Try it
For the listing below, print exactly the lines from the line with "Living & More" to the line with "通道2配置为Combined PWM2,CCRX=1,此时通道2 OC2REF与PWM2相同,即计数值小于1时无效,输出低电平。", both included, and nothing beyond them.

Records supplied
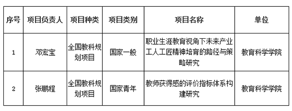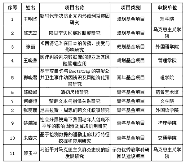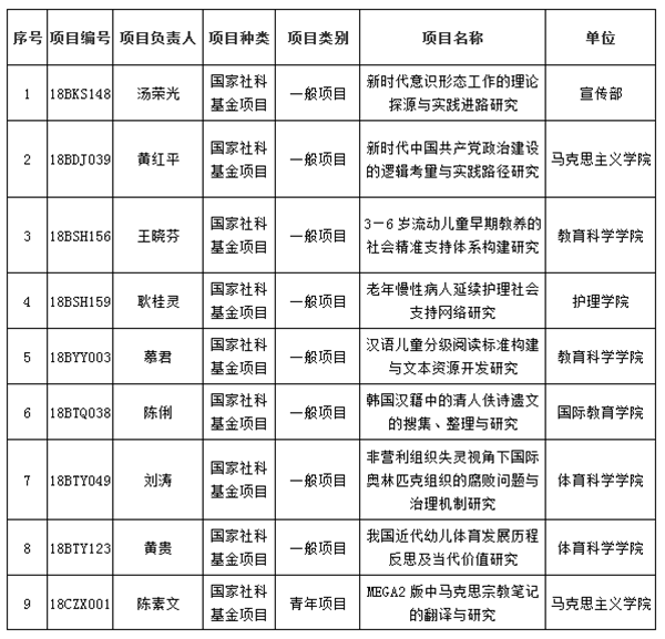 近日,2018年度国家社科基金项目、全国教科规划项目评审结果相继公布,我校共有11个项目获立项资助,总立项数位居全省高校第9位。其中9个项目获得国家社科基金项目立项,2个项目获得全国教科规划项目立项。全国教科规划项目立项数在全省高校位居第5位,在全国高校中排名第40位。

---

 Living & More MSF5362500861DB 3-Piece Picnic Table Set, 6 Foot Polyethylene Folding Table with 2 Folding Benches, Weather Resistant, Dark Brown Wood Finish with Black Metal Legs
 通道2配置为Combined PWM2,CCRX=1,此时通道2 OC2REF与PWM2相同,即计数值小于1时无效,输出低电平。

The answer
 Living & More MSF5362500861DB 3-Piece Picnic Table Set, 6 Foot Polyethylene Folding Table with 2 Folding Benches, Weather Resistant, Dark Brown Wood Finish with Black Metal Legs
 通道2配置为Combined PWM2,CCRX=1,此时通道2 OC2REF与PWM2相同,即计数值小于1时无效,输出低电平。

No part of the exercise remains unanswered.